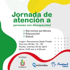 Con el fin de mitigar las barreras de acceso a la salud, educación, empleabilidad y temas jurídicos en Barranquilla y su área metropolitana, en esta jornada se busca dar información, orientación y acompañamiento a los cuidadores de personas en condición de discapacidad para que reciban la información necesaria y brindarles las oportunidades de acceder y ejercer sus derechos, con miras a facilitar la prestación de los servicios que requieren y cualificar la población.
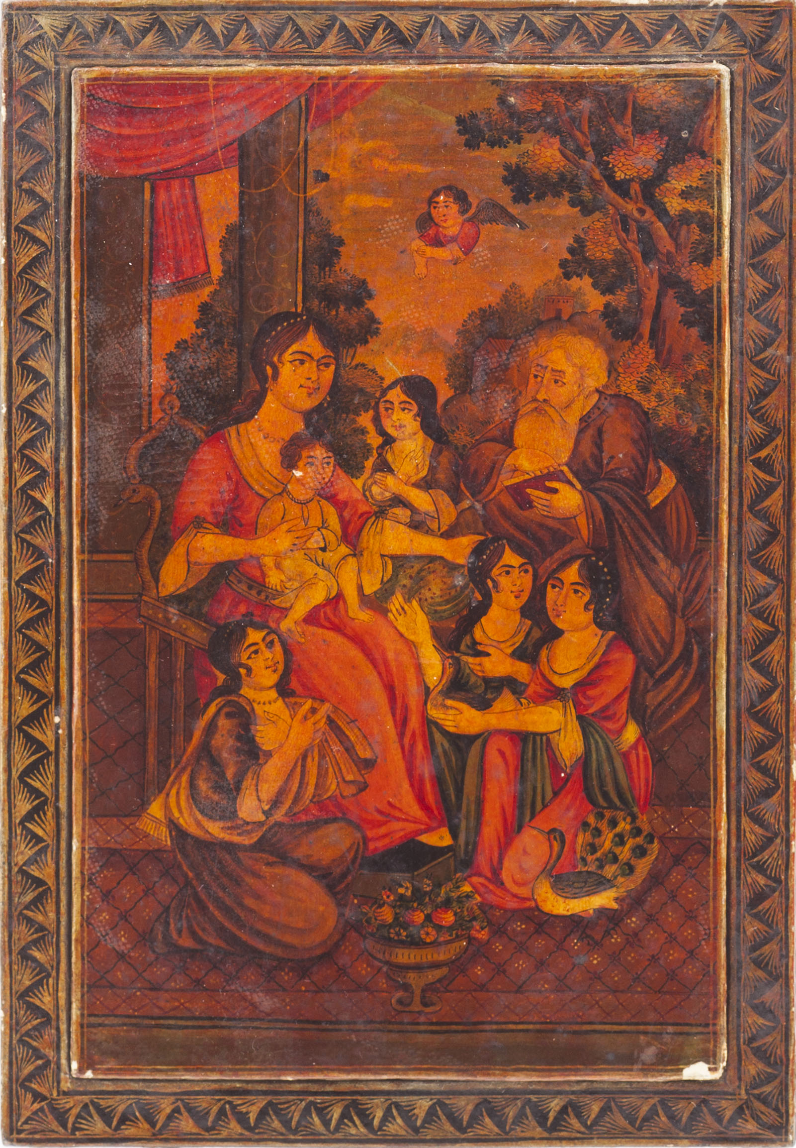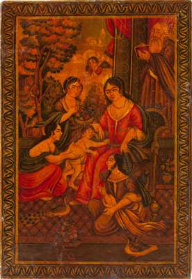 the front and back panels decorated with Christian scenes of the Holy Family
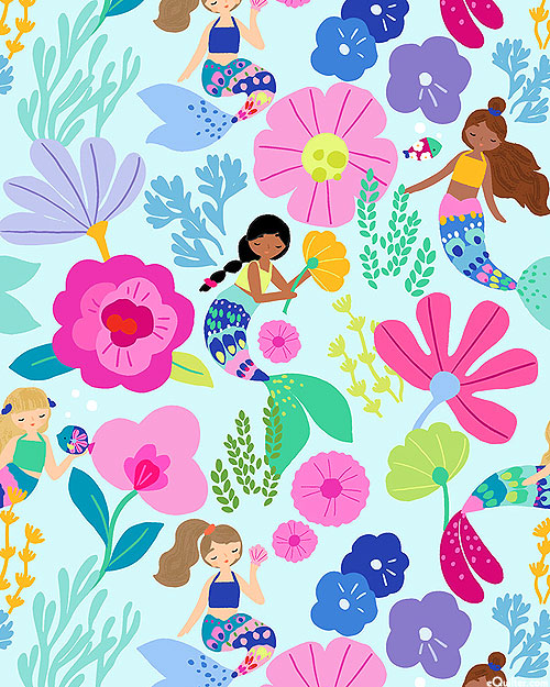 Mystical mermaids frolic among the fish and underwater florals to lend an aquatic allure to this enchanting fabric. Digitally printed, larger mermaids are about 3", 'Make Waves' from the 'Make Waves' collection by Dear Stella, a division of Timeless Treasures.

+++

The problem: Write out each line of the listing above, exactly, from its first line to the line holding "the front and", inclusive. Skip the pictures.

Answer for this exercise:
 Con el fin de mitigar las barreras de acceso a la salud, educación, empleabilidad y temas jurídicos en Barranquilla y su área metropolitana, en esta jornada se busca dar información, orientación y acompañamiento a los cuidadores de personas en condición de discapacidad para que reciban la información necesaria y brindarles las oportunidades de acceder y ejercer sus derechos, con miras a facilitar la prestación de los servicios que requieren y cualificar la población.
 the front and back panels decorated with Christian scenes of the Holy Family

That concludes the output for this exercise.